Re: Multicore Performance Improvement for the PC ?
It depends on the workload if the OS can utilize all these threads. We distinguish between two different scaling: scale-up and scale-out.
-Scale-out workloads run all in parallel (embarassingly parallel workloads), there is not much communication going on between the threads. This is HPC cluster number crunching territory. Typically they run a tight for loop on the same grid of points, solving the same PDE over and over again, integrating in time. Everything fits in the cache. All these servers are clusters, such as SGI UV3000, supercomputers, etc. These clusters have 10.000s of cores, as they are a bunch of PCs sitting on a fast switch. They are cheap, if you buy a large cluster, you just pay the pay the price for a individual PC x the number of nodes.
Because all the workload fits into a cache, you never go out to RAM. Cpu cache is 10ns, and RAM is 100ns. Typically one scientist starts up a huge HPC task which takes several days to complete. So one user at a time.

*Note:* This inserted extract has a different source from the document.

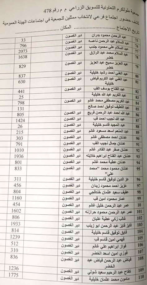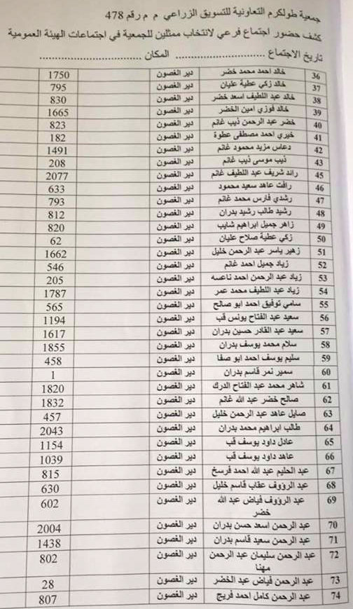 "إعلان للمزارعين المسجلين في الجمعية الزراعية للتسويق - طولكرم

-Scale-up workloads have lot of communication going on. They typically run business ERP workloads, such as SAP, Databases, etc. These workloads always serve many users at the same time, thousands of users or more. One user might do accounting, another payroll, etc. This means all these separate thousands of users data can not fit into a cpu cache. So business workloads always go out to RAM. That means 100 ns latency or so.
Say the cpu runs at 2 GHz. If you have 100 ns latency as you always go out to RAM, that means the 2GHz CPU slows down to 20 MHz. I dont know if you remember those 20 MHz cpus, but they are quite slow. So business workloads (communicating a lot, waiting for other threads to synch) serving thousands of users - have large problems with scaling up. Business servers maxes out at 16 or 32-socket cpus. Every cpu needs a connection to other cpus for fast access, and with 16 or 32 cpus, there will be lot of connections. Say you have 32 sockets, then you need (32 over 2) connections. That is 32*31 = 992 connections, that is quadratic growth. That is very messy. Going above 32 sockets is not doable, if you require that every cpu connects to another (which you do, for fast access). Look at all the connections for this 32--socket SPARC server:
https://regmedia.co.uk/2013/08/28/oracle_sparc_m6_bixby_interconnect.jpg
So large business servers maxes out at 16- or 32-sockets. Clusters can not run business workloads. The reason is clusters have far too few connections. Clusters typically have 100s of cpus, or 1000s. You can not have a direct connection between cpu to cpu with that many cpus. So you cheat, one cpu connects to a group of other cpus. So accessing a cpu to another takes long time, because you need to locate the correct group, and then go to another cpu, and another, etc until you find the correct cpu. There are many hops.. And if you try to run business workloads on a cluster, performance will drop far below 20 MHz. Maybe down to 2MHz. And that is not doable.
So, clusters are scale-out servers typically having 10.000s of cores and 128 TB RAM or so. They are exclusively used for HPC workloads. Supercomputers belong to this arena. They typically run Linux.
Scale-up business servers typically have 16 sockets or so. This arena belongs to RISC such as SPARC / POWER / Mainframe running Solaris, AIX, or IBM zOS. There are no Linux nor x86 here. The reason is Linux does not scale well, x86 does not scale well either. The largest x86 business server was until recently 8-sockets. Look at all the business benchmarks, such as official SAP. All top SAP spots belong to SPARC. x86 comes far far below. Business workloads scales bad, so you need extraordinary servers to handle them, such as old and mature RISC servers. RISC has scaled to 32-sockets for decades. x86 not so. The largest scale-up business server on the market is Fujitsu M10-4S, which is a 64-socket Solaris SPARC server.
Linux does not scale well on business workloads, because until recently there did not exist large business servers beyond 8-sockets - so how can Linux scale well when there does not exist large x86 business servers?
The business arena belongs to RISC and Unix. One IBM P595 POWER6 server costed $35 million. Yes, one single server. Business servers are very lucrative and costs very much. Scalability is very very difficult and you have to pay a hefty premium. Business servers does not cost 1 PC x 32 nodes. No, the cost ramps up quadratically, because it becomes quadratically difficult to scale.